The principal is well founded and sound – buy a CD, use the music any way you see fit for your own personal enjoyment – on a CD player, on your computer, your personal media player, in your car, as part of a compilation, on your home networked media center – any damn where you choose – you have paid for that music and expect to be able to listen to it freely.
In the US, you have the right to do exactly that, according to the Audio Home Recording Act. In the UK, being a country without a constitution, you don't have much in the way of rights in any respect, so whatever you do you had better do it behind firmly closed doors.
However, record companies have long sought a means to prevent copying, so that you can only use the music you have paid for in ways that they deem acceptable.
Several anti-copying techniques have been developed over the years. Philips – one of the creators of the CD format – has always said that a silver disc with audio and copy protection software is not a CD. It just looks like one, and they refuse to allow use of the CD-Audio logo for such discs.
Sony, the other joint creator of the CD format is more aggressive and have developed a copy protection system that many will find quite literally scary in the way it works.
Suppose you are foolhardy enough to buy a silver disc (it's not a CD remember) called Get Right With The Man by Van Zant and play it on your computer. The first thing that you will find is that you have to play the disc using the music player software supplied on it. Secondly you will find that your ability to download the music and copy it is restricted.
So already you are probably pissed off that you can't use the music on the disc any way you want, you can only use it in ways Sony allows.
But what you don't realize that having installed the custom music player, you have also unwittingly installed a 'rootkit' on your PC.
What's a rootkit?
If you are a hacker, then you will know already that a rootkit is a software that conceals other software from view. If you were a virus writer then you would use a rootkit to conceal your virus from virus-protection software.

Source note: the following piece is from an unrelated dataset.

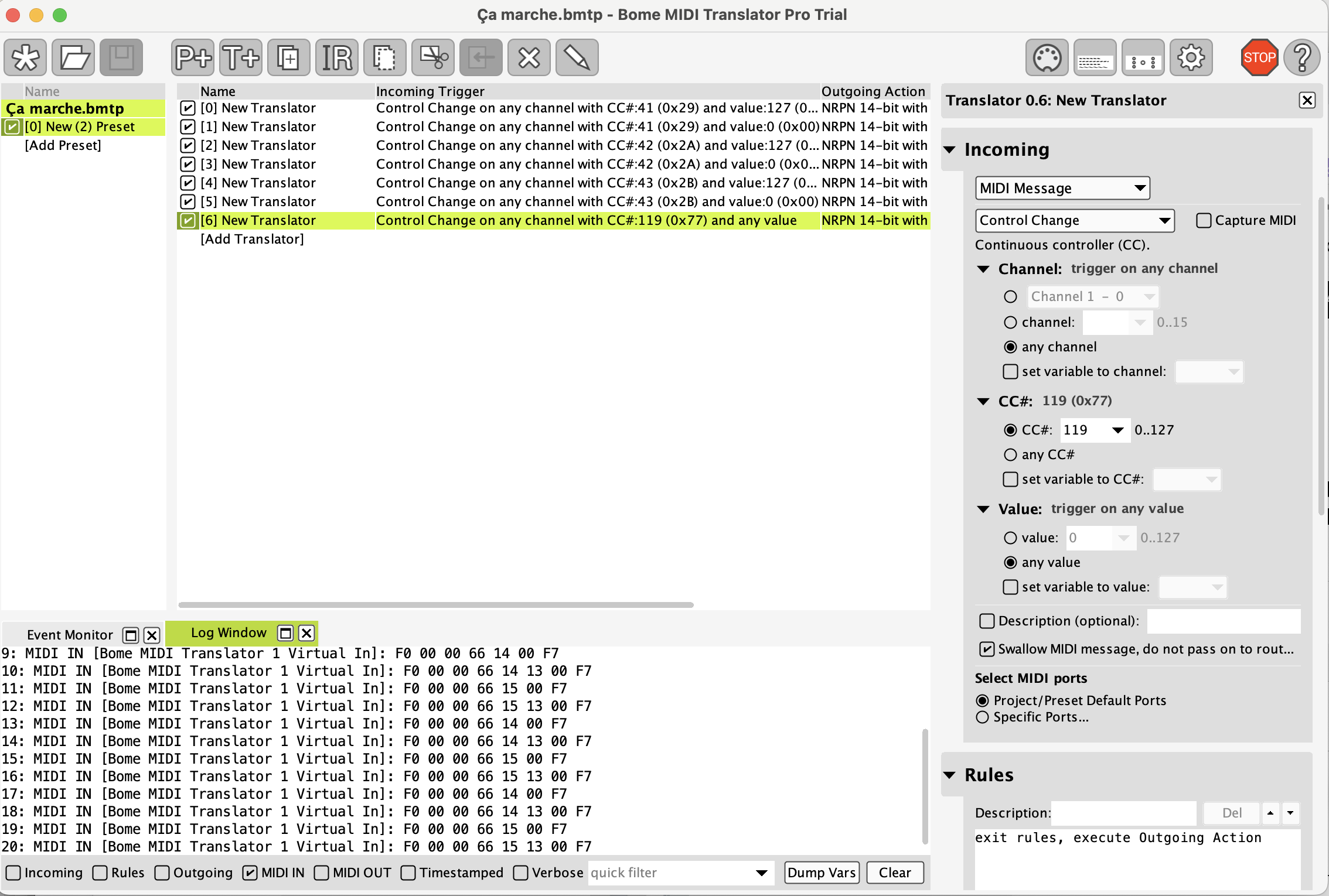 But I don’t understand why I can’t choose any value for Outgoing. If I leave the value at 0, as soon as I trigger my Logic automation, the relevant SQ fader returns to 0 (which already proves that the translator is correctly assigned), but why can’t I allow all values from 0 to 127 to pass through?

In fact rootkits are a feature of viruses, worms, trojans and spyware. If you have a rootkit on your computer, you are in deep trouble. Something bad is going to happen ranging from your computer not working properly, to your files getting trashed, to being linked to a 'zombie' network mailing out spam or file-sharing illegal material (and I don't mean merely illegal – I mean child pornography and other deeply distasteful stuff).
If your computer seems to be running slowly, or you can hear the hard drive continuously churning when you are connected to the Internet, that is a warning sign.
Of course Sony is not in this kind of business and is probably not installing spyware or anything else on your computer – but it is installing software without your knowledge, and that software hides itself so deeply that even an experienced computer expert will have difficulty finding, identifying and removing it.
And would you call me cynical if I suggested that spyware might be the next step? Clearly, any record company would love to know what CDs you are playing and what your favorite tracks are. And of course how many copies you are making for your own personal use.
If you don't find all of this scary, then you should read again and consider, because it is.
But here is the killer – Sony's 'Extended Copy Protection' (XCP), as they call it, is a means for controlling the duplication of contentl, and as such it is protected by the Digital Millennium Copyright Act in the US, which states that it is illegal to bypass any technology measure in place that protects copyright material.
Oh, and Sony's XCP software will consume around 1 – 2% of your system resources all the time you have your computer switched on – and it is illegal to remove it! Thanks a bunch Sony.
So if you remove Sony's rootkit from your computer, you are committing an offense. And that presupposes that you know it is there in the first place, and have the knowledge or means to remove it.
I think it is time for Audio Masterclass to make a clear statement on digital rights management…
audiomasterclass.com believes that anyone buying recorded music for their own personal enjoyment should be able to copy freely that music to whatever devices they want as many times as they want. In return for that freedom they should not give or sell copies to others. If they sell or give away their original CD, they should destroy all the copies they have made.
If someone could express that thought more snappily in a form that would look good printed on a t-shirt, I would love to hear it.
Since the above was written, it has emerged that players of the online game World of Warcraft are using Sony's rootkit to cheat.
Cheating in online games is not exactly unknown, and Blizzard Entertainment, developers of World of Warcraft uses a program known as Warden to detect files used for cheating purpose on players' computers.
However, savvy players have found that these files can be hidden using Sony's rootkit. All that has to be done apparently is to prefix files $sys$ and they are deeply hidden from view.
A further comment since the above was written. Sony has relented and ceased to use this particular DRM technique. Not only that, they have recalled all CDs and offered to replace them.
However, it is likely that very many infected CDs will remain 'in the wild'. Sony should be very sorry for this episode.